I agree with CM if your have that much resentment then get out. Your son is old enough to handle a divorce. Don't allow your feelings to be written off, feel them, deal with them and then act on them.


----------



## IsGirl3 (Nov 13, 2012)

are you trying to convince yourself that it's time to leave? there's a reason why your husband doesn't believe that you will leave. have you threatened to leave before? what in the world is holding you back?


----------



## sinnister (Dec 5, 2010)

When a woman is done...she's done. I know virtually nothing about the fairer sex except that they are pretty much done once they're done.

OP...try to break it to him firmly but calmly.
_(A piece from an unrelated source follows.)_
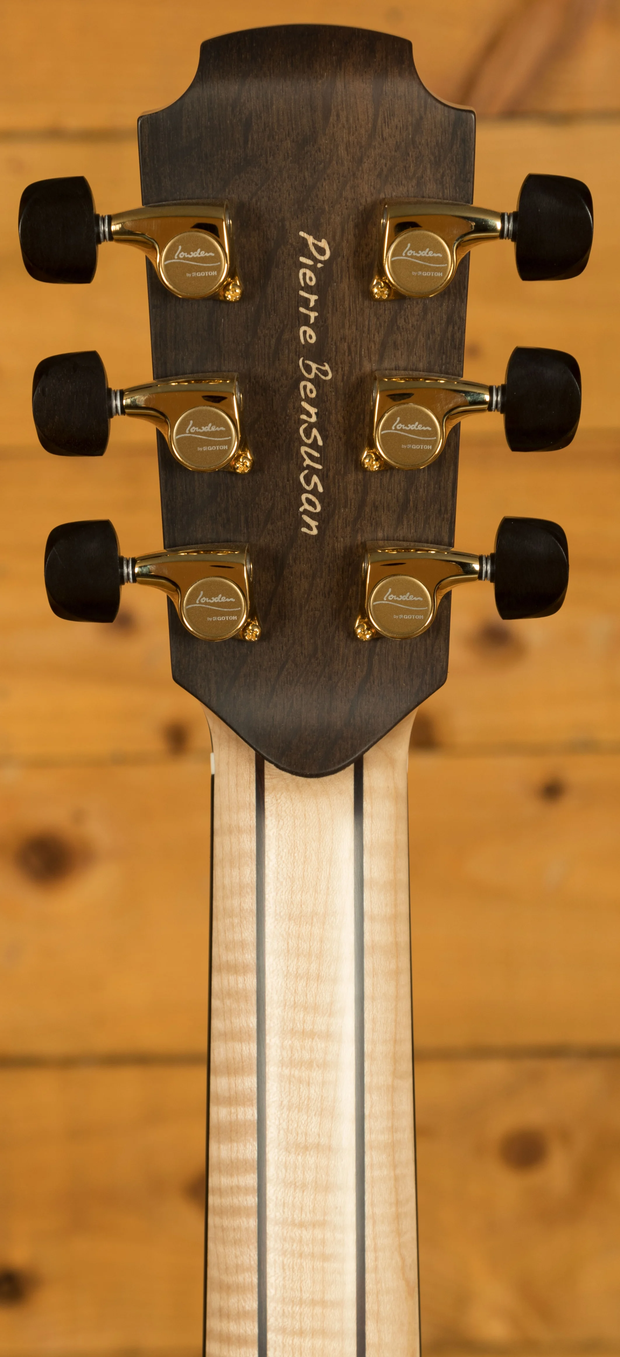 Let's take a closer look at the exquisite Pierre Bensusan model from the Signature Collection. This guitar is a testament to the four-decade-long collaboration between George Lowden and Pierre Bensusan, a relationship rooted in passion and a shared love for music. Back in 1978, George crafted Pierre's first Lowden guitar, an "old lady" that still sings beautifully to this day, a testament to the enduring craftsmanship and playability of Lowden instruments. The 2009 signature model is a celebration of this enduring partnership, showcasing an unrivalled attention to detail and tonal excellence.

He may be in denial because he loves you.


----------



## ohno (Jul 11, 2013)

MINUS the 13 year old son and previous separation and paying His way, this sounds A LOT like MY wife when she is in a "hate you" phase. "I told you I hate you that I am done and we are through as a couple". But then there is the "I love you" phase which usually comes after the "hate you" phase by some random period of time not more than a week. That phase goes like, "I really do love you and want to work things out and for us to be a team again." 

I am hoping you are consistent in what you are telling him, sugarbunny. You can tell him either he has to leave or you will leave. The fact that you are still there and papers have not yet been served might give him the idea that things will eventually blow over.


----------